Testing PHP code with PHPUnit

In the PHP world the most widely used testing tool is PHPUnit. It is installed through Composer, and tests are typically kept in a dedicated tests folder. In the example below we look at a simple Calculator class and a test for its add method, where the AAA pattern is especially visible.

<?php
use PHPUnit\Framework\TestCase;

class Calculator {
    public function add(int $a, int $b): int {
        return $a + $b;
    }
}

class CalculatorTest extends TestCase {
    public function testAddReturnsSum(): void {
        // Arrange
        $calc = new Calculator();
        // Act
        $result = $calc->add(2, 3);
        // Assert
        $this->assertSame(5, $result);
    }
}

To run this test you type vendor/bin/phpunit tests/ in the terminal. If everything is fine, PHPUnit shows a green result and the number of passing tests; if there is a defect in the method, it reports in detail which line expected which value and what was actually returned, which dramatically speeds up tracking down the cause.

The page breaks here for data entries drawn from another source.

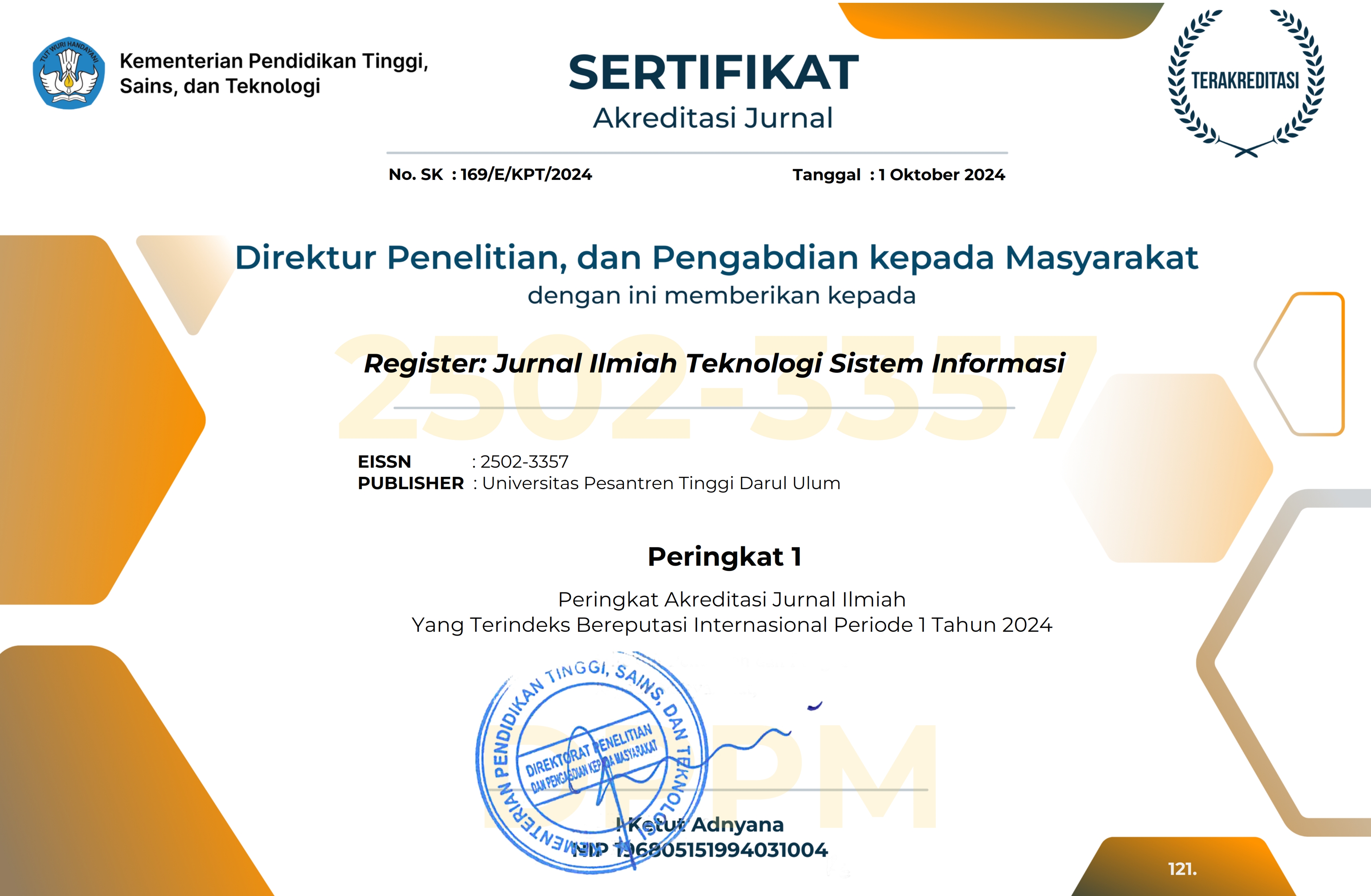 Register: Scientific Journals of Information System Technology is an international, peer-reviewed journal that publishes the latest research results in Information and Communication Technology (ICT). The journal covers a wide range of topics, including Enterprise Systems, Information Systems Management, Data Acquisition and Information Dissemination, Data Engineering and Business Intelligence, and IT Infrastructure and Security. The journal has been indexed on Scopus (reputated international indexed) and accredited with grade “SINTA 1” by the Director Decree (1438/E5/DT.05.00/2024) as a recognition of its excellent quality in management and publication for international indexed journal.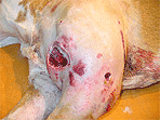 Pred operacijo smo operacijsko polje obrili, da smo odstranili dlake, poleg tega pa smo rano izdatno izpirali s fiziološko raztopino z namenom, da bi odstranili čimveč poškodovanega in odmrlega tkiva ter dlak. | |
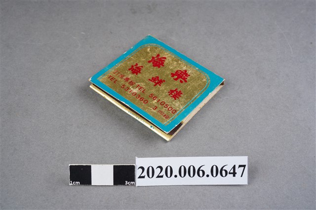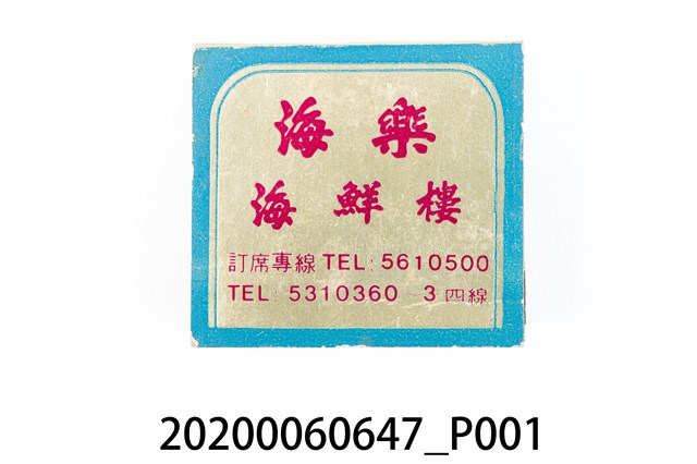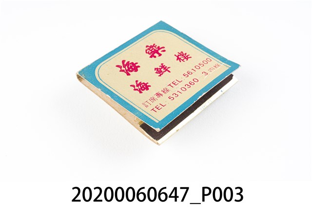 1.餐廳、飯店為主等廣告的火柴盒,可以說是早期瓦斯爐尚不盛行,又可達到廣告宣傳的小小載體。火柴盒的外觀也不限於僅有四角形,開始出現六角形或長方形盒裝,也有外觀如小屋子的造型。 2.臺灣在打火機與瓦斯爐普及前,火柴是臺灣重要的民生物資,因此火柴生產也行程專門產業,商家透過印製宣傳火柴盒作為贈品,用以販售或免費宣傳發送,盒面商標各具特色,例如臺灣火柴公司發行的「自由之火」火柴盒正面使用熊熊火把作為商標。而本件文物則有各家飯店的名稱,有些火柴盒側邊會有廣告公司與或火柴製造商,如有國榮廣告火柴公司承製、地址為新竹市中正路18號(火車站前)、電話則有各地專線(新竹、臺北、高雄)。也隨著火柴廣告公司的出現,火柴盒的廣告呈現方式也有所不同,如部份有明的商家則簡單陳述「臺北‧華西街 台南担仔麵」名稱。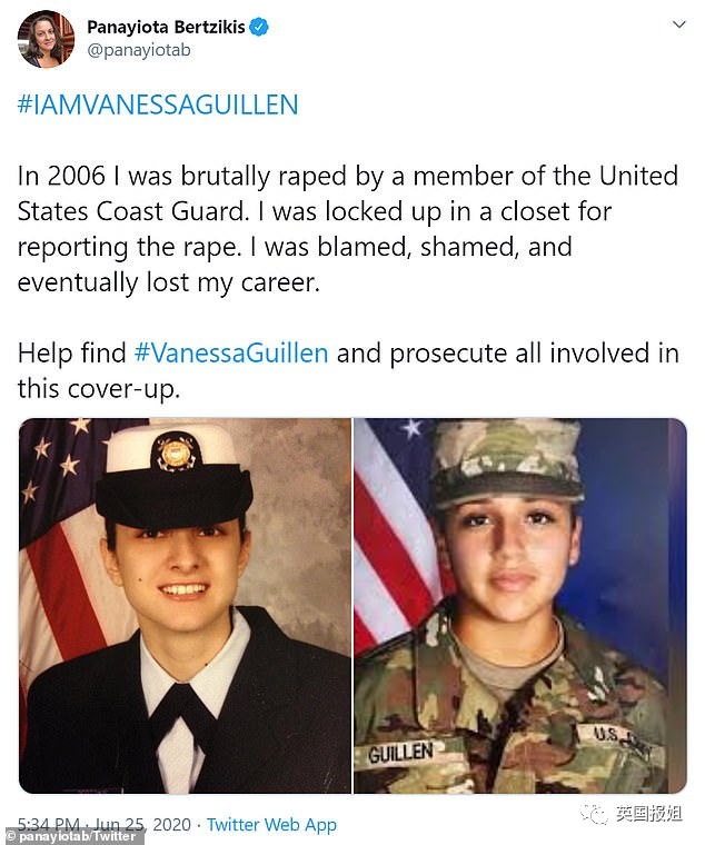 近日,一个名叫Vanessa Guillen的美国女兵的名字在推特、脸书等社交网络被频繁提起。Vanessa于今年4月22日被报告从驻扎的军营失踪,至今下落不明。

Testing JavaScript functions with Jest

In frontend and Node.js projects the most popular testing tool is Jest. It stands out for its simple syntax and high speed, and it requires almost no configuration to get started. In the example below we see a JavaScript function and its Jest test; here the describe block groups related tests together, while the test function describes a single case.

// math.js
function add(a, b) {
  return a + b;
}
module.exports = { add };

// math.test.js
const { add } = require('./math');

describe('add function', () => {
  test('adds two positive numbers', () => {
    // Arrange & Act
    const result = add(2, 3);
    // Assert
    expect(result).toBe(5);
  });
});

You run the tests with the npx jest command. Jest automatically discovers every file ending in .test.js, executes them and prints the results with colour highlighting. The expect and toBe pair plays exactly the same role here as an assertion does in PHPUnit, so moving between the two tools feels intuitive.

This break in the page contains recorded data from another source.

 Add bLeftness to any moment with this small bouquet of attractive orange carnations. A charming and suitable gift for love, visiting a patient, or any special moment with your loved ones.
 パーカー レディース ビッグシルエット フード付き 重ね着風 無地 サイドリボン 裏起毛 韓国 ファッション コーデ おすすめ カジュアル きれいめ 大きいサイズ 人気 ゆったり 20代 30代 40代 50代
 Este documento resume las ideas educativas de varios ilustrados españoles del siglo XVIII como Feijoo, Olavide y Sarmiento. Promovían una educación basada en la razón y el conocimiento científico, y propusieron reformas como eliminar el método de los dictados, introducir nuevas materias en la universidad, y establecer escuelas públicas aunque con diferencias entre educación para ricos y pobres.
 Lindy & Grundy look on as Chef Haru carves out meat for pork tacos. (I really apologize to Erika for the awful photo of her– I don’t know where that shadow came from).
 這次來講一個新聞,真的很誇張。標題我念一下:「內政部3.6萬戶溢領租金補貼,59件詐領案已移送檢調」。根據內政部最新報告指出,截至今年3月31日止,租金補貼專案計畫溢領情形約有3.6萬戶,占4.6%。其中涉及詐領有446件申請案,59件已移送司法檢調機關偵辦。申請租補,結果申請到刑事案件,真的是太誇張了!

Mocks: replacing external dependencies

In real projects functions often reach out to a database, an external API or a payment system. Running such dependencies for real in every test would be slow and unreliable, so a mock, or fake, is substituted in their place. A mock is a controlled object that looks like the real dependency but returns predetermined results. For example, by mocking the method that fetches a user from the database, you guarantee that it always returns the same test user; the test then verifies only its own logic and does not depend on the state of an external system. In Jest this is done with jest.fn(), and in PHPUnit with createMock().

Coverage and a brief look at TDD

Code coverage is a metric that shows what percentage of your code lines were executed during the tests. PHPUnit generates such a report with the --coverage-html flag and Jest with the --coverage flag, and both clearly highlight which lines were never tested at all. It is worth stressing that a high coverage percentage does not by itself guarantee quality, but low coverage reliably exposes dangerous untested zones. Test-Driven Development (TDD) is an approach in which you first write a test, watch it fail as expected, then write the minimal code that makes it pass, and only afterwards clean the code up. This cycle forces you to design code that is simple and easy to test right from the start.

When and how to actually write tests

You do not need to test absolutely everything, and trying to is often counterproductive. You should first test functions with complex business logic, many conditions and calculations, because that is exactly where bugs appear most frequently. If you have found and fixed a bug, it is extremely valuable to write a test that reproduces that exact bug, since it guarantees the bug will not silently return in the future. Most importantly, turn writing tests into a habit: if you write a test alongside each new function you create, over time your project develops a dependable safety net and every later change becomes far less stressful.